3. Challenges of adaptability in complex scenarios
Challenges : Lack of adaptability to complex needs and scenarios, low adoption rate and coverage.
Solution :
Huawei adopts a phased approach: first SFT tuning to deal with old features, and then using RAG to accelerate the generation of new features. Postal Savings Bank of China builds larger and more diverse test data sets for specific scenarios. Dewu enhances its ability to handle complex scenarios through continuous batch dialogue and expert experience input.
4. Integration and implementation challenges
Challenge : Integration of large models with existing testing processes, tools, and platforms.
Solution :
Baidu TestMate provides a wealth of visual interactive components, which can be embedded in the Web UI to achieve linkage with existing platforms. Huawei integrates the TestMate IDE plug-in to achieve online reasoning and streaming code generation. Postal Savings Bank of China integrates intelligent R&D and testing capabilities into the DevOps platform and testing platform to achieve seamless integration.

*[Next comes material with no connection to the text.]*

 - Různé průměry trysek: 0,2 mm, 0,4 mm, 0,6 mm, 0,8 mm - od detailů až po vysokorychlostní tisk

6. Future Development Trends
1. Technological evolution trend
The application of big models in behavior generation scenarios (such as use case execution, result analysis, automatic program repair, etc.) will continue to deepen. The introduction of multimodal large models will make testing smarter and able to handle multiple input forms including images, audio, etc. Customized model training will become more popular, and companies will perform domain tuning and vertical scenario optimization based on open source large models.

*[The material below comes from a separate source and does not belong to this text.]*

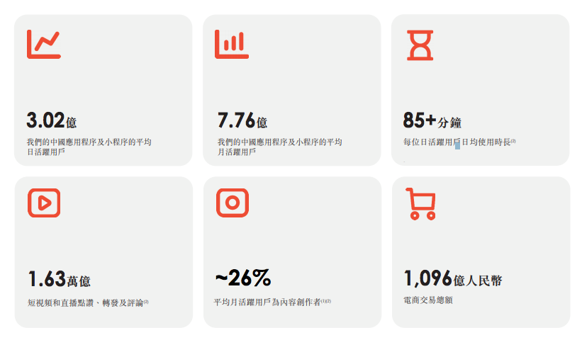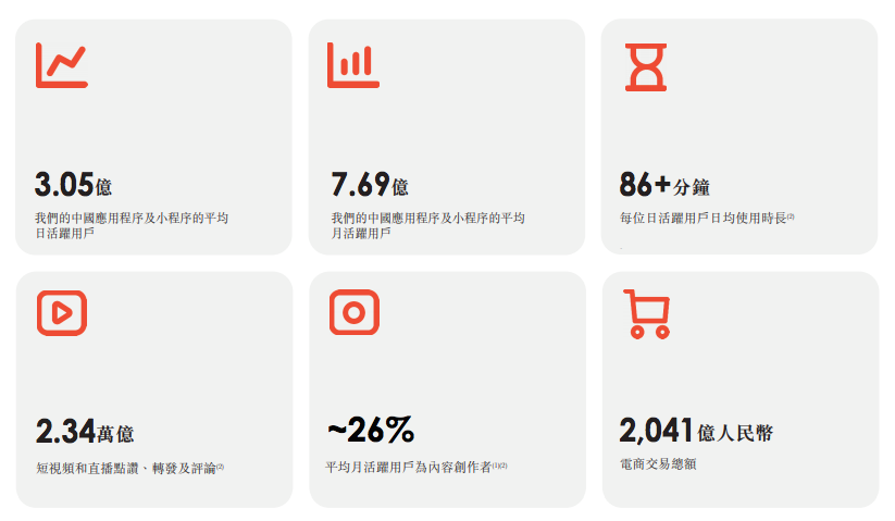 截至2020年9月30日,快手应用程序及小程序平均日活跃用户达3.05亿,月活跃用户达7.69亿。同一期间内,日活跃用户在快手的日均使用时长超过86分钟;快手短视频、直播点赞、转发及评论超过2.34万亿条。

2. Application scenario expansion
Automatic defect repair: The entire process from defect detection to automatic code repair is intelligent. Full-scenario testing: covers the entire process from requirements analysis to acceptance testing. Intelligent test operation and maintenance: Use big models to manage the test environment, govern test data, etc.
3. Organizational change trends
Transformation of testing roles: Testers shift from writing tests to designing test strategies and analyzing results. Reconstruction of test system: Build new test platform and test process based on big model. Human-machine collaboration mode: People and large models work together to give full play to their respective advantages.
VII. Conclusion and Recommendations
1. Conclusion
The application of big models in the field of software testing has achieved significant results, mainly in terms of improved test efficiency, improved test quality, and enhanced test coverage. However, current applications are still mainly in text generation scenarios, and there are challenges such as data quality, model reasoning, and adaptability to complex scenarios.
2. Recommendations for Enterprises
Develop a phased application strategy : start with relatively mature scenarios such as test case generation, and gradually expand to more complex scenarios.
Focus on data accumulation and governance : Build a high-quality test database to provide a foundation for large-scale model applications.
Adopt a hybrid technology route : combine RAG, prompt engineering, model fine-tuning and other technologies to improve generation quality.
Emphasis on integration with existing systems : Ensure seamless integration of large models with existing testing platforms and tools.
Focus on improving the capabilities of testers : train testers to master large-scale model application skills and adapt to role changes.
Continuous evaluation and optimization : Establish an effective evaluation system, quantify the application effect of large models, and continuously optimize.